• _Data segment_:
---*---
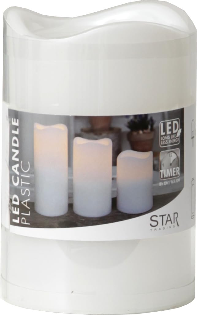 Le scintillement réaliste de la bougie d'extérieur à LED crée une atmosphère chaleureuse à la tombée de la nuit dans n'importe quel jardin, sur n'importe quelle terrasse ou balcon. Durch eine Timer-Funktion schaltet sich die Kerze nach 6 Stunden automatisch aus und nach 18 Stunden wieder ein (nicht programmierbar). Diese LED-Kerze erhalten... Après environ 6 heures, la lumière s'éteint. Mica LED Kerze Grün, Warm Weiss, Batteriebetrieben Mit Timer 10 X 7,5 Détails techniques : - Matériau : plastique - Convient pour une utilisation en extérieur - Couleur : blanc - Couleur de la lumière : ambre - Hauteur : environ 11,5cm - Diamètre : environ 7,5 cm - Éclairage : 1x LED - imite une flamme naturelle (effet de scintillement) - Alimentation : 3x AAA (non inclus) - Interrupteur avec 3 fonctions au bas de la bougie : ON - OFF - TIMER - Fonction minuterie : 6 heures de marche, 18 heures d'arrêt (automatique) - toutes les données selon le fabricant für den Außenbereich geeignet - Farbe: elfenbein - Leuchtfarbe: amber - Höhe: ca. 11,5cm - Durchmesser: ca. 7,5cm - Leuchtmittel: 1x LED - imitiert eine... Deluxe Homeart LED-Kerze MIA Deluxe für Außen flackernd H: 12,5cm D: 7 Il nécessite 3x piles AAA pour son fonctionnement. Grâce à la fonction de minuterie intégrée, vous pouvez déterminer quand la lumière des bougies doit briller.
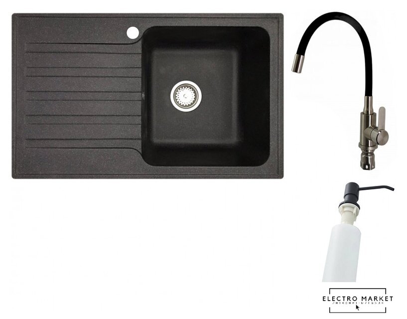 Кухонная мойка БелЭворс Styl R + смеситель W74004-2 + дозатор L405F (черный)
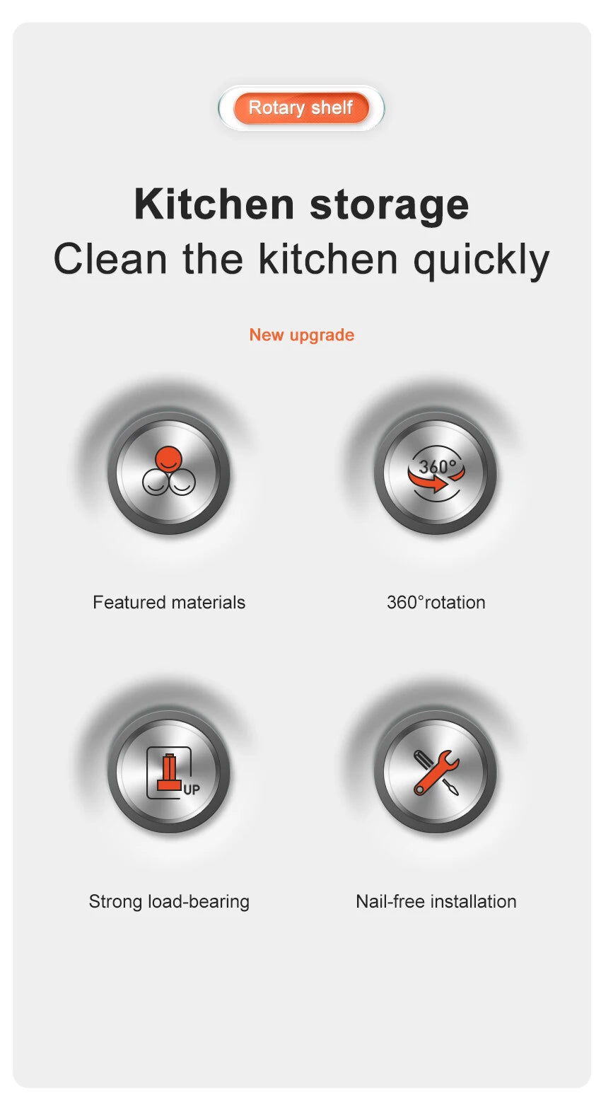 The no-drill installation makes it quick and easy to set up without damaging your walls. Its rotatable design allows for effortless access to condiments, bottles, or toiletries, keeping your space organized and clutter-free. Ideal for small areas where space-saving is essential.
---*---
Take the lines from the one holding "Кухонная мойка БелЭворс" through the last line of the data above and copy them exactly, both ends included, omitting all pictures.

 Кухонная мойка БелЭворс Styl R + смеситель W74004-2 + дозатор L405F (черный)
 The no-drill installation makes it quick and easy to set up without damaging your walls. Its rotatable design allows for effortless access to condiments, bottles, or toiletries, keeping your space organized and clutter-free. Ideal for small areas where space-saving is essential.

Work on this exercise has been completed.